If You Can Get a Line of Credit, Get a Line of Credit

Think of it as an insurance policy. You don’t have to spend it.

By Ami Kassar

I often meet entrepreneurs who have solid, profitable businesses and no debt. When I ask whether they have a line of credit for use in case of an emergency, they frequently answer that they are reluctant to get a line of credit because they are risk-averse and afraid to take on debt. This answer makes no sense to me.

There are a few things about lines of credit that are important to understand. For example, you are not required to use it. It is a checkbook that would give you some options and flexibility should your world turn upside down unexpectedly. Liquidity provides leverage and insurance, especially for small business owners. Try thinking of the line of credit as an insurance policy. How much life insurance do you have? And what premium do you pay for it? Just as with life insurance, you are paying for the security that the line of credit provides you.

We all have short memories. When things are going well, we naturally think the good times will go on forever. But if Covid taught us anything, it is that the world can turn on a dime, often in ways we could never imagine let alone  predict. This lesson was reinforced for me during the Great Recession.

Like many of you, I spent some of my early career with a big corporation. By 2008, I was chief innovation officer at a company that was one of the largest issuers of credit cards to small businesses. As the recession hit, more and more of my colleagues were laid off. Finally, one Friday, it was my turn. On my way home from being laid off, I stopped at a bank and deposited a check for the full amount of my home equity line of credit. The check had been sitting in my desk, unused, for the previous seven years. I started my company, MultiFunding, the next day.

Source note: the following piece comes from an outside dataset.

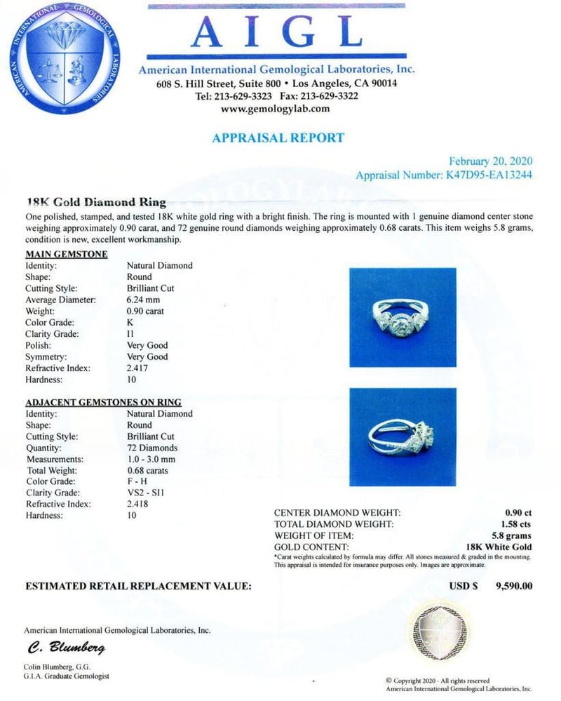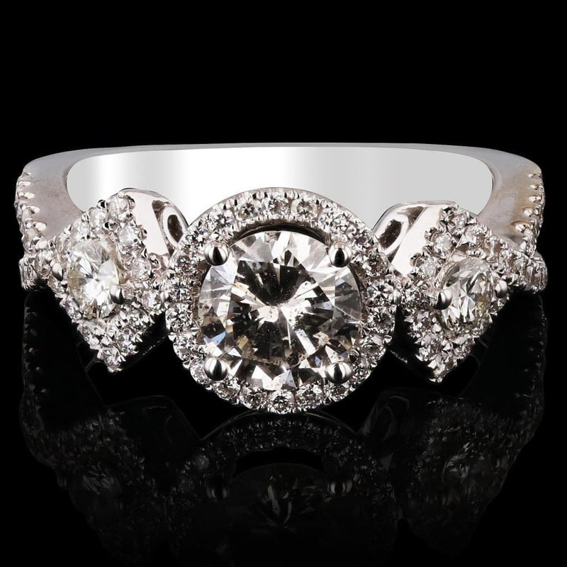Indulge in the sublime beauty of this exquisite 18K white gold ring, a true testament to timeless elegance and sophistication. At its heart lies a stunning 0.90ct center diamond, expertly cut to reflect light with breathtaking brilliance and fire. Surrounded by an additional 0.68ct of sparkling diamonds, this masterpiece boasts a total carat weight of 1.58ct, ensuring that it captivates the eye from every angle.

I tell this story because it fits well with the current uncertainty we face with our economy. When I took out that home equity line seven years earlier, I had no idea what I would ever use it for. But I knew that I would likely face some unexpected challenges and opportunities at some point. I recognized back then that getting the home equity line while I was financially stable enough to be approved was the right choice. Had I not done that, I have no idea what I would have done after being laid off.

And that is why I always tell entrepreneurs and small business owners that the best time to get a loan or line of credit is when you don’t need one. It can be challenging—or near impossible—to get financing when you’re at the bottom of the trough rather than surging to the top of the hill. When you obtain a line of credit, I generally suggest that the amount should be for about 10 percent of your top-line sales, 85 percent of accounts receivable, or 50 percent of inventory, whichever is greater.

Ami Kassar is CEO of MultiFunding.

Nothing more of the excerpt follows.